The reflections, did not end with just Karl. I didn't know it yet, as I sat on a curb with my friends on the warm Florida nights that inspired stories like this, but lovebags will alter the course of my life. I'll meet a lot of really cool and caring volunteers. I will gain two new roommates and and two of my best friends I have ever known when I ask two grown men to take their first step from living outside to inside via my living room. My life will be forever defined by these late night conversations in the woods near the freeway with Karl, by my little dates with Colleen, and most of all by the deep and mutually beneficial friendships with Jerry and Patrick. Maybe it’s all the things they share in common with my Savior, who was also homeless, bent and broken, and without a grave, but we can’t help but feel that my homeless friends have somehow added so much perspective and value to my life that I owe a very large percentage of who I am to them.

Knowing Colleen has given us a beautiful gift; she has allowed so many of us to hear the gospels again for the first time. When we took Colleen to see a Christmas play at a local megachurch, they enacted the scene where Jesus forgives the prostitute caught in adultery. Hearing Colleen sob at the enacting of that story, a story that so represented her life, showed us the unbelievable power of the gospel and revealed to us, in such a new and deeply personal way, the beauty of a love that leaves no sin unforgivable. She allowed us to see that story come to life. Her tears of joy at the wonder of a God who can forgive what she had done -- when she never thought that possible -- has taught us more than any book or sermon ever has about the unrequited love of God.

Karl and Ian show us that sometimes our wounds are there to heal others. Both their stories cannot end well, but they heal through their many wounds and it was their requests for a prayer circle that is the reason that we hold hands in a circle and all take turns speaking, singing, and praying. They brought their faith to that street corner; they planted a church -- not us.
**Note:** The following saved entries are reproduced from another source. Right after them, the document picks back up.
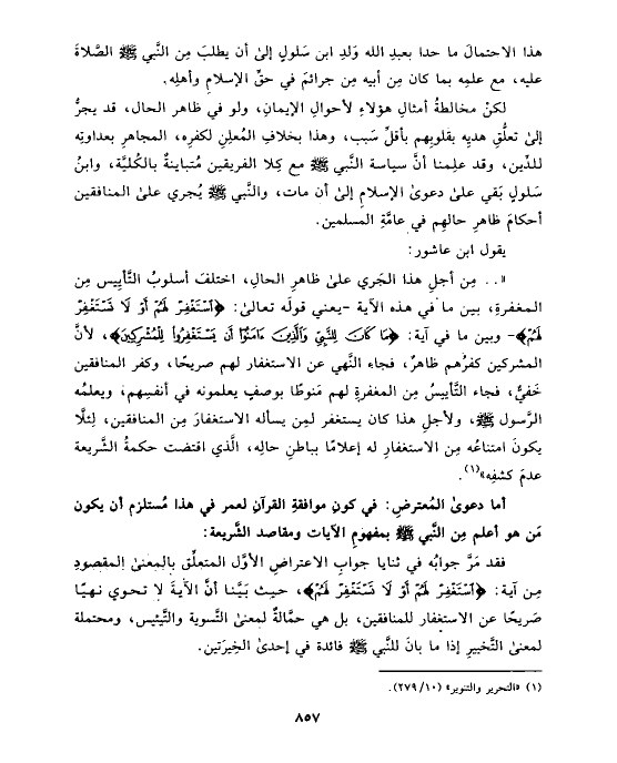 « .. مِن أجلِ هذا الجَري على ظاهرِ الحالِ، اختلفَ أسلوبُ التَّأيِيس مِن المغفرةِ، بين ما في هذه الآية -يعني قولَه تعالى: {اسْتَغْفِرْ لَهُمْ أَوْ لَا تَسْتَغْفِرْ لَهُمْ} - وبين ما في آية: {مَا كَانَ لِلنَّبِيِّ وَالَّذِينَ آمَنُوا أَن يَسْتَغْفِرُوا لِلْمُشْرِكِينَ}، لأنَّ المشركين كفرُهم ظاهرٌ، فجاء النَّهي عن الاستغفار لهم صريحًا، وكفر المنافقين خَفيٌّ، فجاء التَّأييسُ مِن المغفرةِ لهم مَنوطًا بوصفٍ يعلمونه في أنفسِهم، ويعلمُه الرَّسول صلى الله عليه وسلم، ولأجلِ هذا كان يستغفر لمِن يسأله الاستغفارَ مِن المنافقين، لِئلَّا يكونَ امتناعُه مِن الاستغفارِ له إعلامًا بباطنِ حالِه، الَّذي اقتضت حكمةُ الشَّريعة عدمَ كشفِه» (¬١).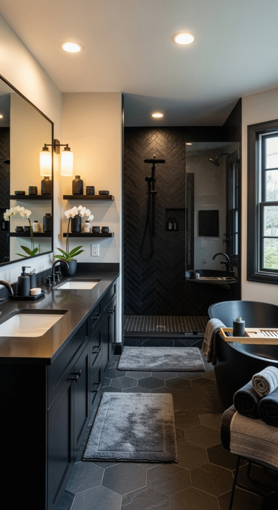 This is black bathroom design at its most refined and serene.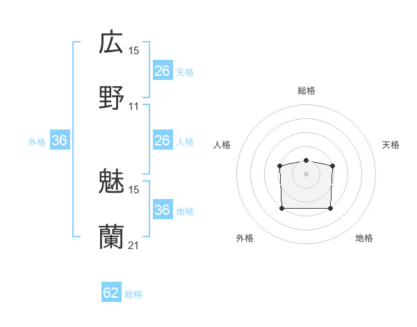 広野 魅蘭さんの天格は26画の2点!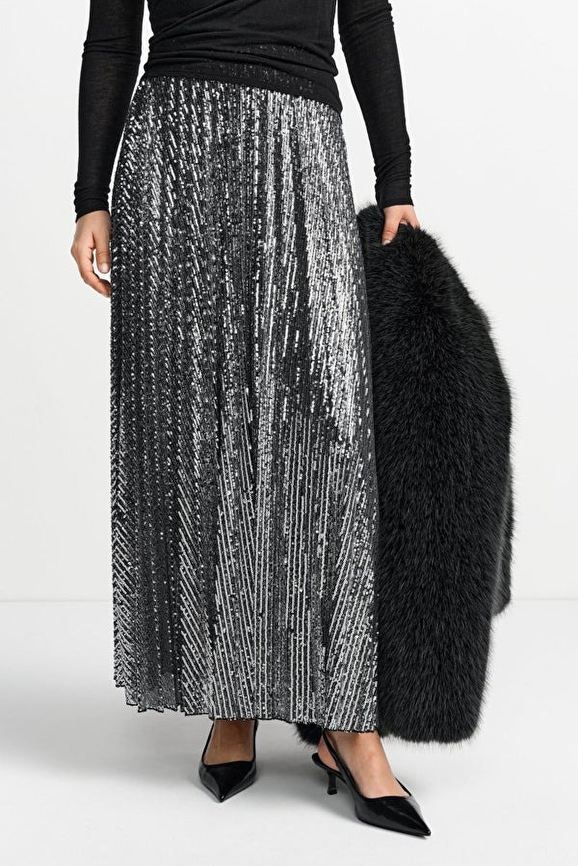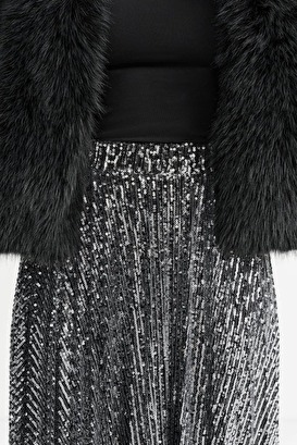 Neu | Plissee-Midirock mit Pailletten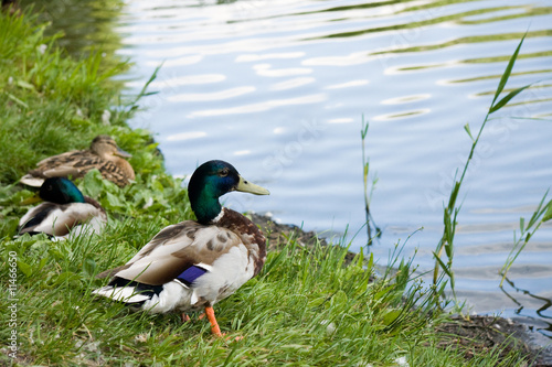 Fototapeta premium Duck male on lake shore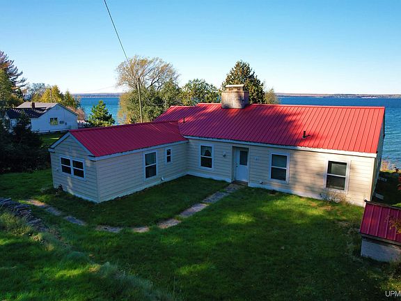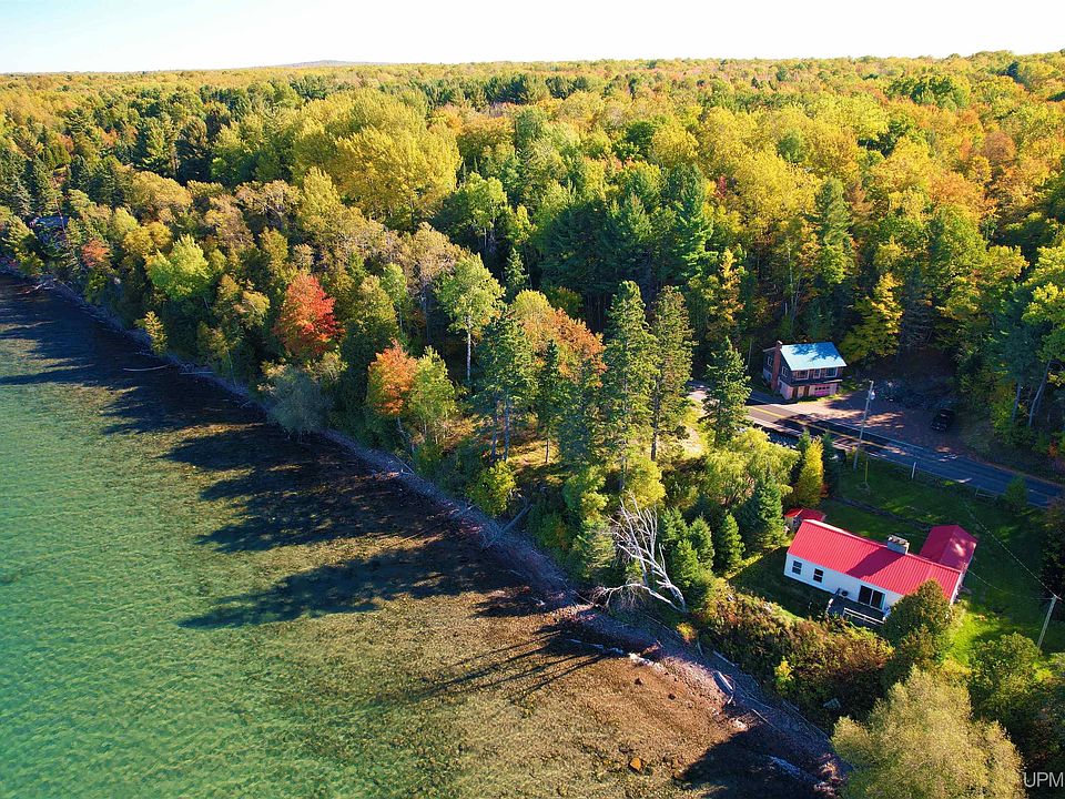 Own an exceptionally large slice of Lake Superior shoreline—over 550 feet on Keweenaw Bay—set on 11.58 wooded acres just north of L’Anse. Frontage of this scale is rare in the Northwoods and offers wide-open water views, room to roam, and multiple potential build or improvement areas. The existing structures are fixer uppers and are being offered in as-is condition, creating an opportunity for buyers, contractors, and investors who want to renovate, customize, or re-envision the site. The main home is a 1,276 sq ft ranch with a wood-burning fireplace, picture windows facing the bay, and a deck to take in the lake. The floor plan includes a primary bedroom with lake views, two additional bedrooms, a centrally located full bath, a functional kitchen with adjacent dining area, a large laundry room, and a practical entry/mudroom. While the home has a solid layout, it will require repairs and updating before move-in. Across the road, the unfinished 643 sq ft guest house sits above a garage and currently has its own electric and gas service and is believed to have its own well (buyer to verify). Planned spaces include a living area, kitchen, two bedrooms, and a bathroom—ideal for completing as a guest retreat, rental, studio, or additional living space once finished. As with the main home, the guesthouse needs significant work. The shoreline is primarily a small bluff, with a natural spots where you can work your way down to access the water—great for launching a kayak or enjoying the waves. Whether you keep the existing footprint and renovate or pursue a larger vision, this property delivers extraordinary Lake Superior frontage, acreage, and flexible improvement potential in a coveted Upper Peninsula location. NOTICE: All information believed accurate but not warranted. It is the buyer’s obligation to inspect the property and verify all information; buyer assumes all risks for any inaccuracies. Tax information is subject to change. Taxes are not 0. References to square footage, lot size/dimensions, utilities, and age are approximate. Equal housing opportunity.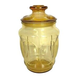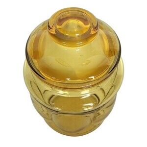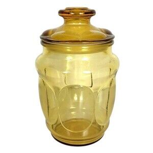 keywords: vintage, MCM, amber, gold, glass, thumbprint, moon and stars, mid century glass, apothecary, candy jar, food storage, rare, hard to find,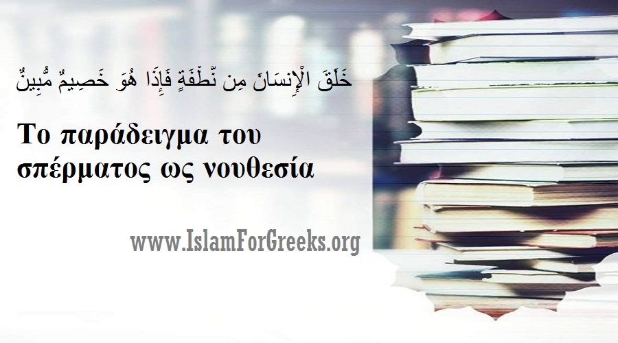 «Και έπλασε τον άνθρωπο από υγρά (σεξουαλικής συνεύρεσης-σπέρμα), και να τώρα που (τολμά να) στέκεται ως αντίπαλος-ανταγωνιστής» {Κοράνι 16:4}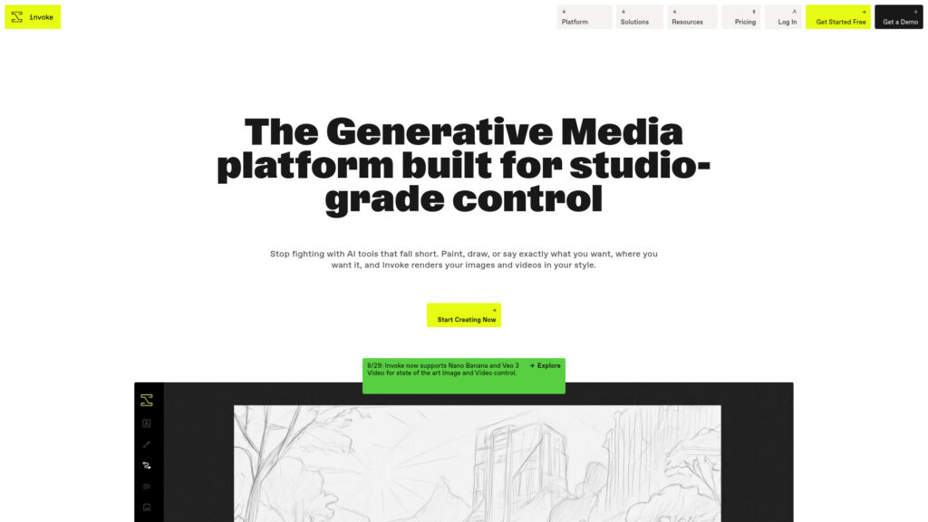 Create studio-grade content with Invoke AI. Generate images and videos, train custom models, and collaborate securely. Transform your creative workflow with advanced AI technology.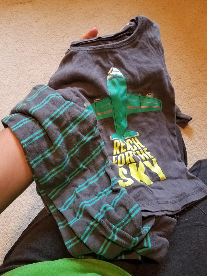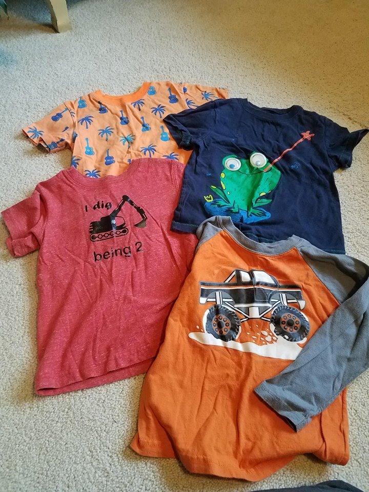 It’s like they are a part of him.  The red “I dig being 2” shirt was a birthday gift–on his last one.  And he wore that shirt A LOT.  The orange and gray monster truck shirt he wore while he sang Jingle Bells in a video I still watch just to hear his voice.  And the bright orange shirt with the palm trees and guitars, his “gee-tar shirt” as we called it (top left), was a part of so many memories, one of my favorites.  So familiar to us, and I’d be willing to guess to others too who saw him in it regularly or in pictures.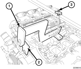 19. Using the Engine Lift Fixture (1), Engine Lift Adapter (2) and the Engine Support Fixture (3) lower the engine into position and remove.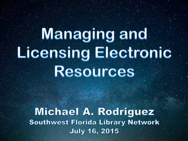 Paid webinar sponsored by the Southwest Florida Library Network (SWFLN) to educate Florida librarians on electronic resource management (ERM) and digital licensing, July 16, 2015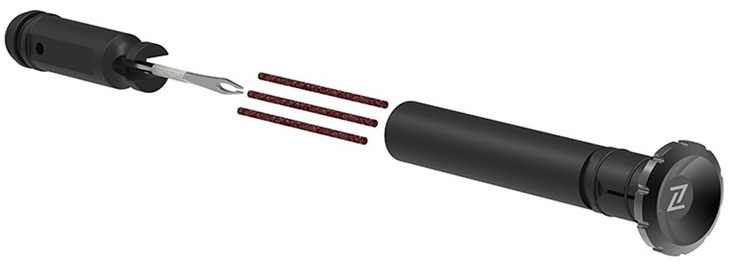 Z Bar Plugs ist ein im Lenker integriertes Reparaturset für schlauchlose Reifen. Lenkerkompatibel: Innendurchmesser zwischen 17,5 mm und 21 mm. Es besteht aus 2 integrierbaren Lenkerenden. In einem Ende befinden sich ein Einführwerkzeug sowie 3 Reparaturstreifen mit einem Ø von 5 mm, während das andere Endstück ein Messer und 3 Reparaturstreifen mit einem Ø von 2 mm enthält. Die Verriegelung am Lenker erfolgt ohne Werkzeuge, durch Drehen des Aluminium-Endstücks. Jedes Element lässt sich je nach Wunsch des Benutzers rechts oder links installieren. Der Z Bar Plugs bietet Mountainbikern mit schlauchlosen Reifen eine dauerhafte Lösung, die sie für den Pannenfall an ihrem Fahrrad mitführen können.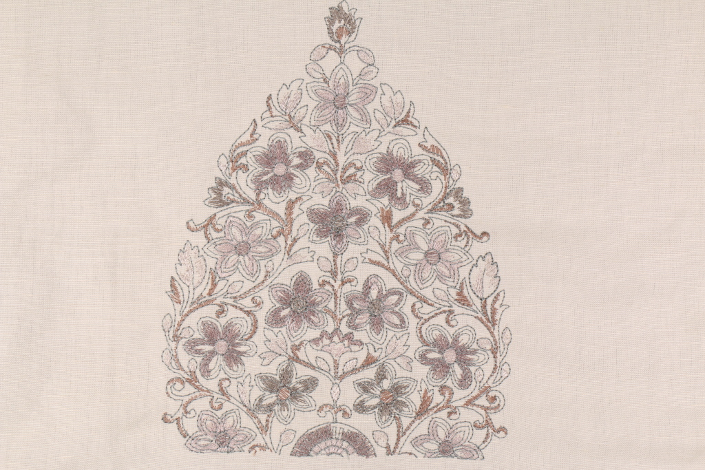 Embroidered Linen Decorator Fabric in Twilight. This high-end woven decorator fabric is suited for multiple project applications. The weight is excellent for drapery projects, decorative pillows, coverlets, shams and light duty upholstery projects.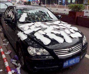 Así, Tan se desquitó de su novio pegando en su carro un montón de toallas femeninas.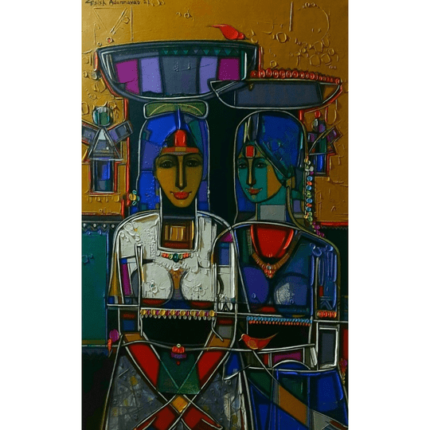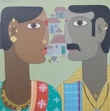 Beauty, boldness, brightness and gorgeousness are some of the trademarks of Anand Panchal’s works. Best known for his figurative artworks, Panchal has over the years developed a unique style of his own, mostly paints Brahmins, and children with lots of innocence in them. Panchal’s paintings are quite narrative, showing the unfolding stories of rural life. In most of his paintings we see the figures enjoying each other’s company. Backgrounds merge with the subject of the painting, one can observe the scripts in the background; animals and birds; group figures, and also painted singularly. Application of colours is smooth and well finished. The colour palette is restricted to reds, blues and oranges. Foreheads are painted with orange or blue, to show the mood. Orange symbolizes spirituality and blue symbolizes calmness and peacefulness. Panchal has painted many panel format works.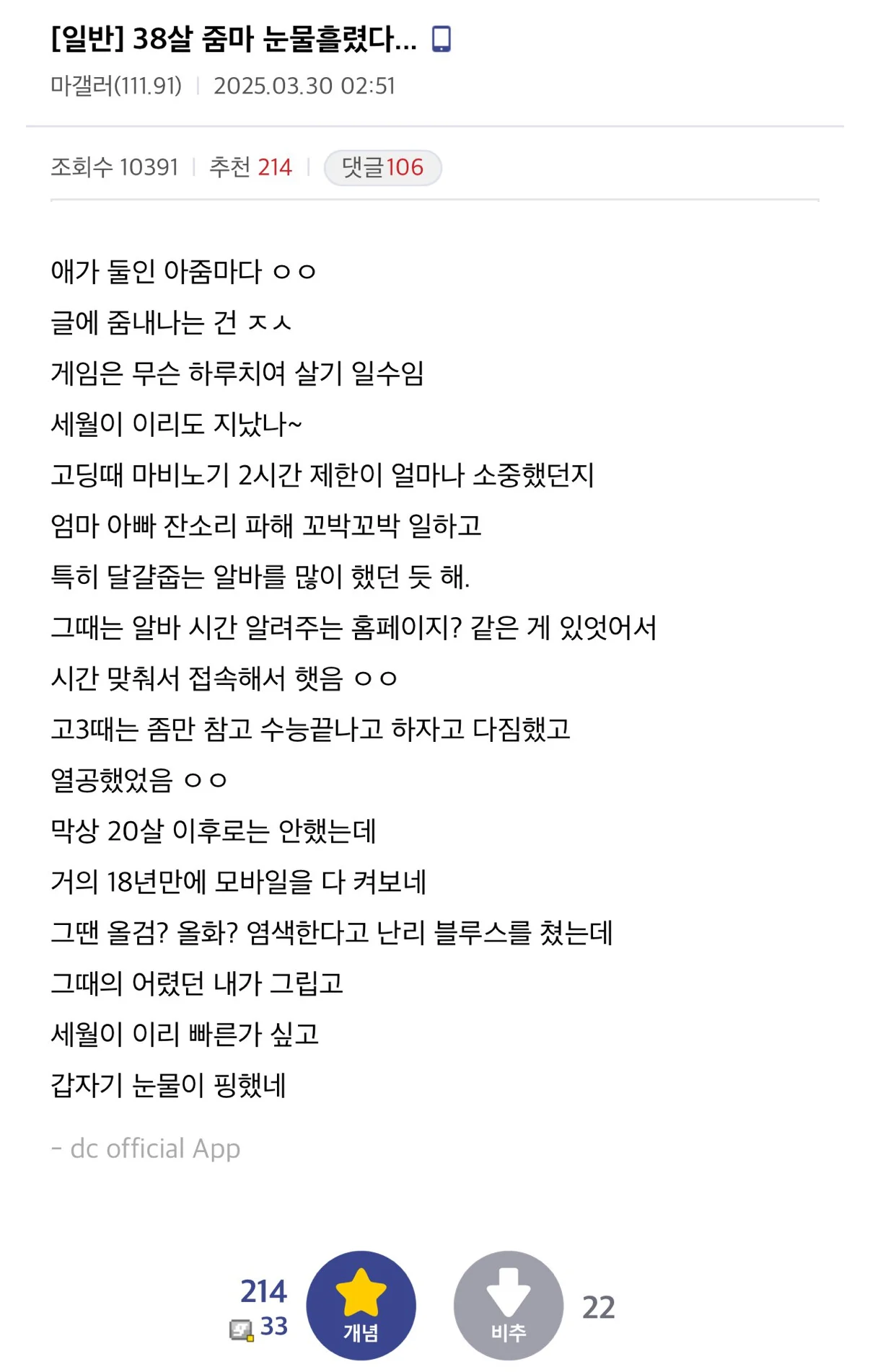열람중 38살 아줌마 눈물 흘렸다.. 등급아이콘 레벨아이콘 커뮤관리자 16:20 97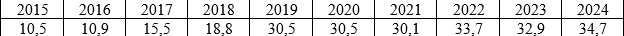 Показатель 2023 года оказался на 2% ниже, чем в 2022 году (33 млн тонн), что было связано с проведением плановых ремонтов на линиях сжижения заводов «Ямал СПГ» и «Сахалин-2». Так, «Ямал СПГ» произвел в 2023 году 19,9 млн тонн СПГ (в 2022 г. – 21 млн тонн). Свой вклад в рост производства СПГ к концу 2023 года внесли и среднетоннажные заводы: «Криогаз-Высоцк» – СП «НОВАТЭКа». Производство сжиженного природного газа в России в 2024 году выросло на 5,4% – до 34,7 млн т. по сравнению с 2023 годом, в том числе проект «НОВАТЭК» «Ямал СПГ» произвел в 2024 году более 21 миллиона тонн сжиженного природного газа.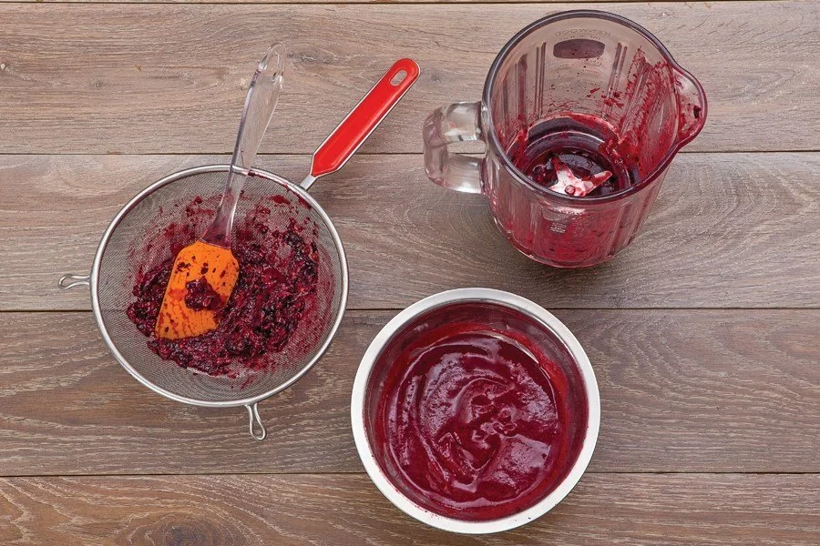 ШАГ 2 Ягоды взбейте в однородную массу в блендере, затем протрите через сито.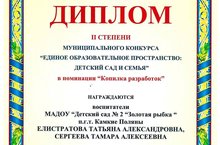 Муниципальный конкурс «Единое образовательное пространство: детский сад и семья» среди педагогов ДОУ НМР РТ. Воспитатели Елистратова Т.А., Сергеева Т.А. – Диплом II степени в номинации «Копилка разработок»; Исаева Т.А. – Диплом участника в номинации «Копилка разработок»; Енизеркина Л.Н. – Диплом участника в номинации «Инновационный проект» 31.05.2017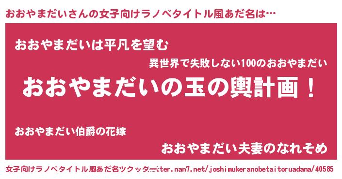 | 男性向けラノベタイトル風あだ名 | 『おおやまだい~年齢イコール彼女いない歴の魔法使い~』 |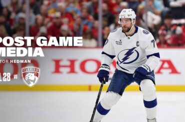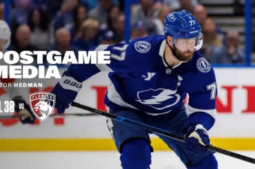 Le capitaine Victor Hedman a parlé aux médias après la défaite des Bolts 4-2 lors du match 4 contre les…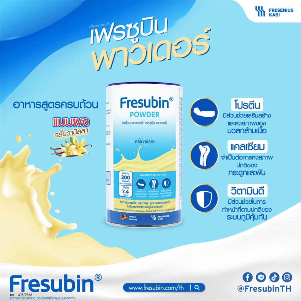 [ใหม่] Fresubin Powder 1 กระป๋อง เฟรซูบิน พาวเดอร์ อาหารสูตรครบถ้วน กลิ่นวานิลลา 500 g. [EXP.05/2026]

Jason’s depression reveals my depression. Every person is at times lost and confused. We may hide it with our respectable careers and professional language, but the truth is Jason is one of the few people I feel comfortable talking about my own questions and difficulties. No one has any real idea what’s going on in this life -- homed or homeless -- we’re all going through it for the first time. I might own a business and live in a home, but Jason and I are woven together into the same tapestry. Clumsy, confused, dependent, crippled -- but somehow making it through by supporting each together.

But it is the late night conversations with Karl in the bushes and living with Jerry and Patrick, that has remade me the most. They have taught me a new way to relate to others and have showed me how to ask a good question. Questions that enter into the essence of a person, not just the status questions I love to ask. "Where do you work?," "What neighborhood do you live in?," "What do you do?", -- any of these normal questions, don't have any answers. My homeless friends have taught me to ask about a stranger’s favorite story, their fondest memory, the one thing in the world that they would change, what makes the happiest or angriest, or what they really think is beautiful in the world. My homeless friends have taught me, a somewhat introverted person, more about the art, joy, and beauty of conversation than anyone else I have ever met.

Knowing the homeless (and just as important letting them know you in return) will remake your life. It will alter your thought process, change the way that you think about your finances and your spare bedrooms, and restore more joy to your life than you would ever think possible.

I hope that reading this might promote you to wander the streets, looking as we do, for the long lost brother you don’t have -- yet. Sharing a meal and your life with him, with the help of a bag filled with love.

Matthew

*Many times a homeless friend we have known simply disappears, sometimes you learn that they died and sometime you never know what happened at all. We often pray for them in our circle. The names of the disappeared have been changed. Colleen, Patrick, Gerry, Marcus, and Karl (who only authorized the first half, obviously) have requested that their names not be changed in this story. They want they lives shared.